(Data entries)
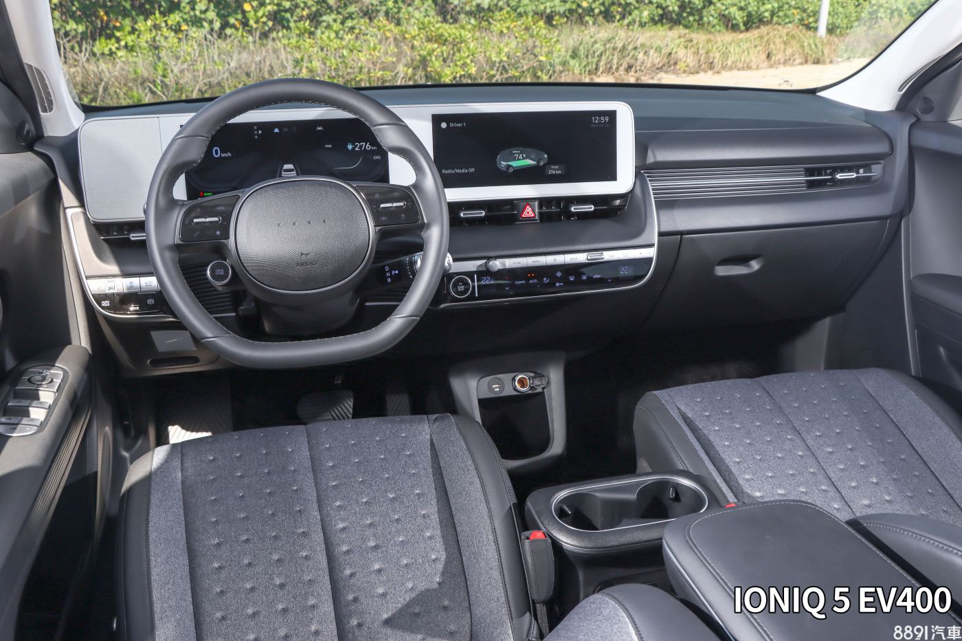 座艙配置很簡約,視覺重點在白色邊框的雙12.3吋螢幕,前座的腿部空間相通,坐在裡頭覺得開闊,另一方面,Ioniq 5強調內裝使用大量的永續材料,譬如寶特瓶回收製成的織物、頂篷和地毯是從甘蔗和玉米提煉的生物成分,跟在流行的環保浪潮中。
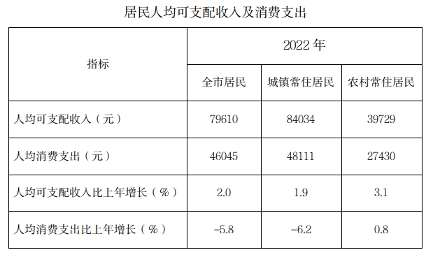 上海2022年居民人均可支配收入及消费支出
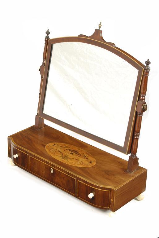 An early 19th century mahogany and marquetry dressing table mirror, the arched plate to ring turned baluster supports, the barrel front base inlaid a satinwood urn and cherubs, above three drawers on turned ivory feet, 25.75in (65.2cm) h, 28in (58.2cm) w, 9.5in (24.2cm) d. Restoration, handles replaced.
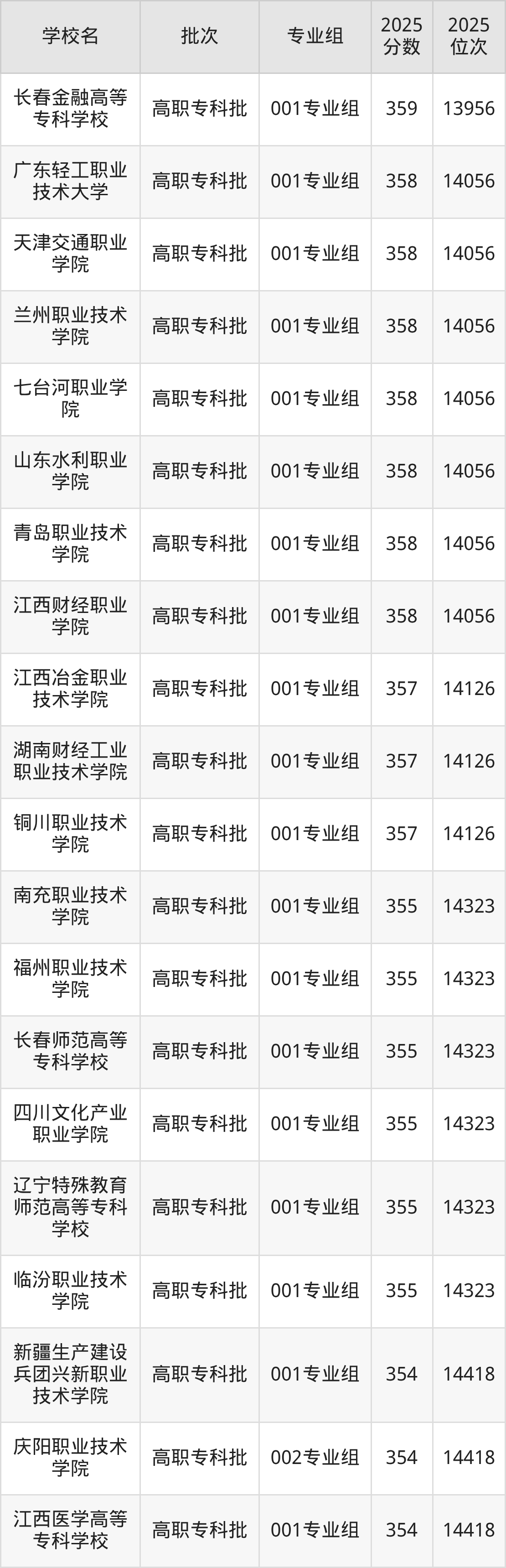 2025年宁夏高考历史类357分(14057名~14126名)能上的大学有江西冶金职业技术学院001专业组、湖南财经工业职业技术学院001专业组、铜川职业技术学院001专业组。
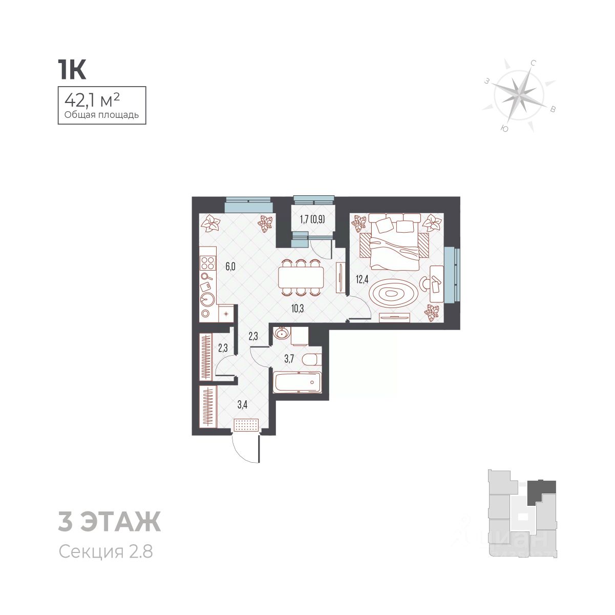 42 м² · Этаж 3 из 7
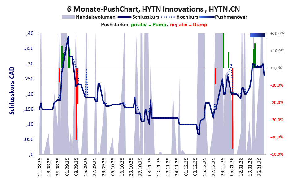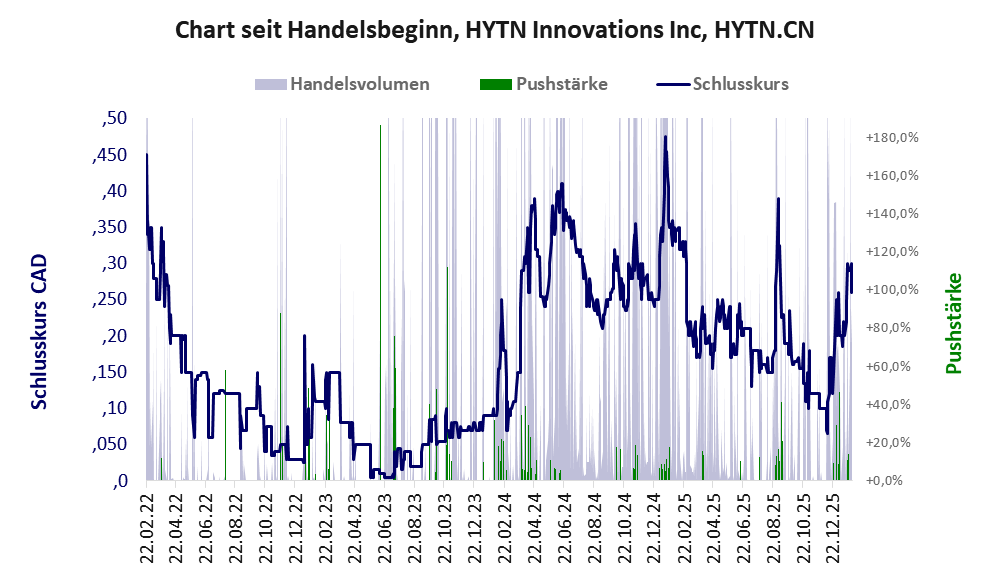 Ein Winzling und eine wertlose Firma, deren Aktie dem Kurspushing dient. HYTN verbrennt seit 2022 gut fünf Millionen CAD pro Jahr, hat kaum Umsatz und keinen Gewinn. Hauptaktivität scheinen die von Bullvestor begleiteten starken Pushmanöver zu sein, aus denen HYTN in kurzer Zeit eine Gewinnquote von 15 : 1 erzielt haben dürfte.
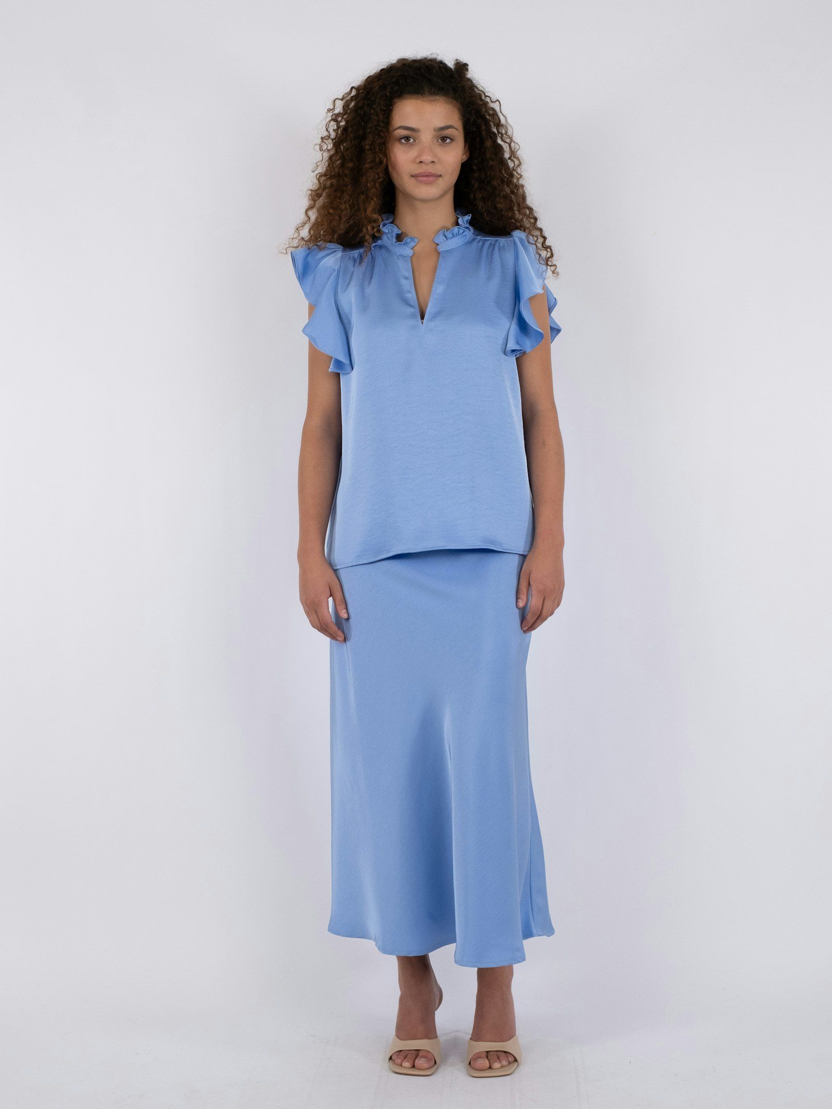 Neo Noir - Stella Heavy Sateen Blouse Dusty Blue
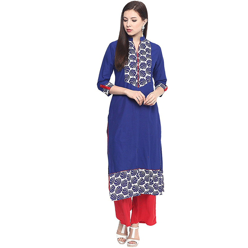 Jaipur Kurti Cotton Kurta With Rayon Palazzo Pants (Blue & Red)
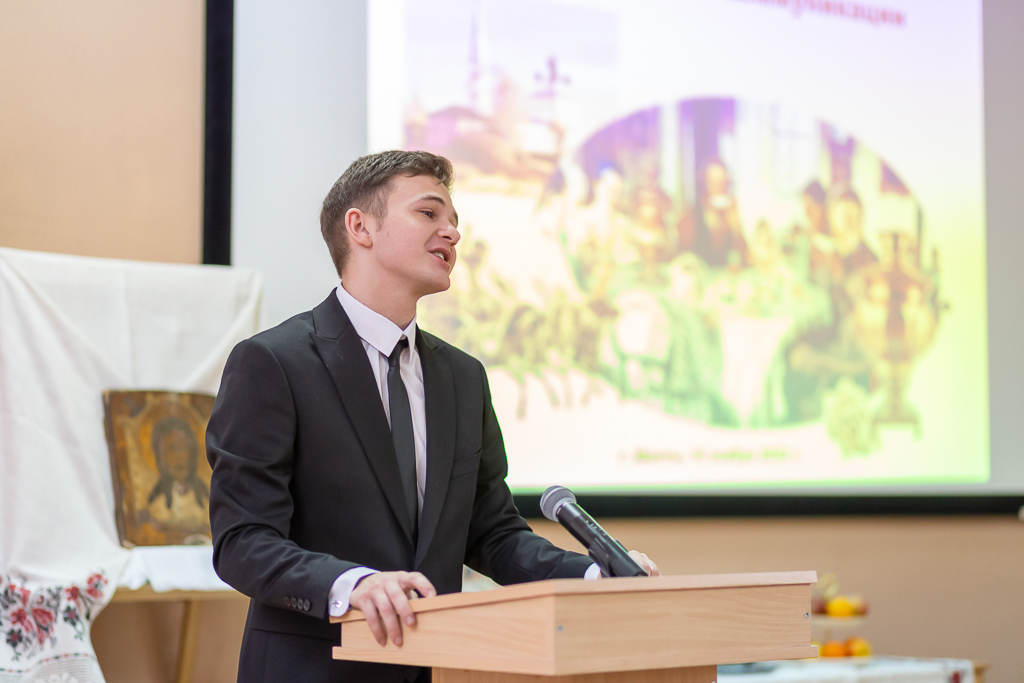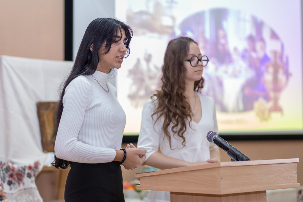 От лица Главы Администрации г. Шахты Андрея Владимировича Ковалева к собравшимся с приветственным словом обратилась руководитель его аппарата Наталья Тимофеевна Обоймова. Сити-менеджер отметил важность духовного просвещения молодежи, обращения к национальным традициям и плодотворный многолетний опыт сотрудничества городской Администрации с организаторами просветительского проекта. Андрей Владимирович подчеркнул, что участие студентов, членов научного кружка «Православный Восток» кафедры «Православная культура и теология» ИСОиП (филиала) ДГТУ в ряде ставших городскими мероприятий духовно-нравственной и церковно-исторической тематики является важным фактором, влияющим на формирование благополучного социального климата в городе и регионе. Наталья Тимофеевна от себя отметила, что избранная интересная тема форума в неформальном ключе раскрывает важные черты нашего народа и помогает лучше осознать менталитет и духовное богатство россиян.

Work to be completed
Copy only the lines above from the one containing "42 м² · Этаж 3 из 7" through the one containing "Jaipur Kurti Cotton", both included. Leave out the pictures.

Reply to the exercise
 42 м² · Этаж 3 из 7
 Ein Winzling und eine wertlose Firma, deren Aktie dem Kurspushing dient. HYTN verbrennt seit 2022 gut fünf Millionen CAD pro Jahr, hat kaum Umsatz und keinen Gewinn. Hauptaktivität scheinen die von Bullvestor begleiteten starken Pushmanöver zu sein, aus denen HYTN in kurzer Zeit eine Gewinnquote von 15 : 1 erzielt haben dürfte.
 Neo Noir - Stella Heavy Sateen Blouse Dusty Blue
 Jaipur Kurti Cotton Kurta With Rayon Palazzo Pants (Blue & Red)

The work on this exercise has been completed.